First Nation chief threatens Harper government suit for years of boarding home experience

From CBC News ...

Boarded students cheated of residential schools compensation: chief

November 26, 2007 - A Manitoba First Nations chief is preparing to sue the federal government, alleging Ottawa is denying some former residential-school students their full compensation because they boarded with non-aboriginal families instead of living at the institutions.

Stanley Daniels expected to receive about $28,000 in compensation for seven years he spent at a residential school in Dauphin, Man.

Instead, he received less than half of that.

"It's very unfair," he said. "I've been there a lot longer than a lot of people, and they got more than I did."

Unlike many of his classmates at the school, Daniels was housed off school property with white families for five of the seven years he attended the Dauphin school.

Because he was boarded out, the rules governing the compensation program say he is not eligible for compensation for those years.

Daniels says that's just wrong.

"I lost seven years of my life. All those years you could have been with your family, and it's all gone."

Daniels is appealing the government's decision, as are others from his reserve, the Peguis First Nation, who have received similar news.
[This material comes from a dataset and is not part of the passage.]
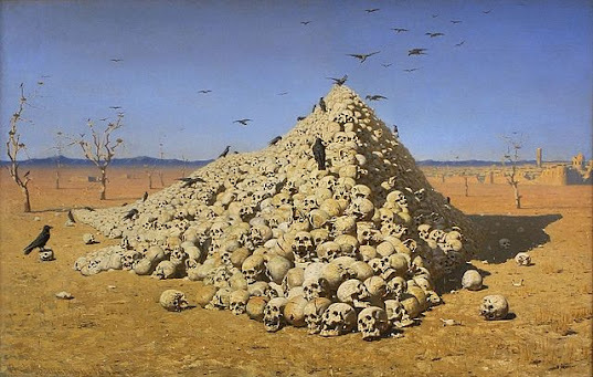 9) Άφησα για το τέλος, έναν πίνακα του Ρώσου Ζωγράφου, Basily Vereshchagin, με θέμα Η αποθέωση του Πολέμου. Φιλοτεχνήθηκε το 1871, και ίσως είναι αυτός, κατά τη γνώμη μου, που συνοψίζει όλη την τραγικότητα του πολέμου. Θάνατος και μόνο θάνατος. Ο ζωγράφος ακολουθούσε τον Ρωσικό στρατό κατά την εκστρατεία του στην περιοχή του σημερινού Τουρκμενιστάν, όπου είχε επιδοθεί σε ένα αγώνα υπόταξης όλων των ντόπιων φυλών. Αν και σήμερα χρησιμοποιείται για να δείξει τα δεινά του πολέμου, τότε είχε ως σκοπό να δείξει σε όλο τον κόσμο την δύναμη του Ρωσικού στρατού. Τελειώνοντας τον πίνακα αυτόν, τον αφιέρωσε: «σε όλους τους μεγάλους κατακτητές, στο παρελθόν, το παρόν και τον μέλλοντα» Διττή βέβαια η ανάγνωση της παραπάνω ρήσης, εμείς ας μείνουμε σε αυτό, που δείχνει και μόνο. ΥΓ Οποιοιδήποτε συνειρμοί με τον σημερινό ρωσικό στρατό, δεκτοί. Όπως και με όποιον άλλον στρατό βρίσκεται στη θέση του επιτιθέμενου, σε οποιαδήποτε στιγμή και οποιοδήποτε χρόνο.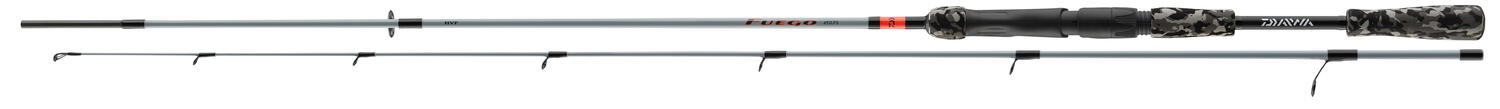 Cu lansetele Fuego Camo, DAIWA oferă o serie extinsă de lansete de pescuit moderne cu blank-uri foarte subțiri, care - în funcție de model - acoperă aproape toate aplicațiile pescuitului modern. Datorită blank-urilor rapide, lansetele Fuego Camo sunt potrivite în special pentru jigging cu năluci soft. Utilizarea materialului exclusiv din fibră de carbon HVF DAIWA pentru blank, permite proiectarea lansetelor de spinning foarte agere și ușoare, care asigură o manevrabilitate plăcută și sunt foarte rezistente. Aceste lansete au un aspect modern datorită culorii la modă-gri și sunt echipate cu mandrină originală Seaguide și mânerul finisat EVA de camuflaj premium. Mandrina premium concept Seaguide Alien, permite contactul instantaneu cu blank-ul datorită fantelor laterale, care optimizează prezentarea și detectarea trăsăturilor. Forma ergonomică a mandrinei garantează o manevrabilitate confortabilă și permite distracția permanentă la pescuit.

Only courts can change rules: Ottawa

If they lose, Peguis Chief Glen Hudson says he is prepared to launch a lawsuit on their behalf.

"They were taken away from their homes and they were wards of these organizations, so they should be receiving that compensation," Hudson told CBC News.

Federal officials told CBC they didn't realize native children had been boarded out, but they can't change the rules for compensation now. Only the courts can do that, they said.

Over the past two decades, more than 12,000 former students have filed legal claims against the federal government and the churches that ran the schools for much of the 20th century. Many of the claims alleged physical and sexual abuse, and said the schools caused them to lose their language and culture.

Under a $2-billion compensation plan approved earlier this year, every student who went to a residential school is entitled to "common-experience payments" of $10,000 plus an extra $3,000 for each year the student attended.

An estimated 80,000 former students are expected to receive financial compensation.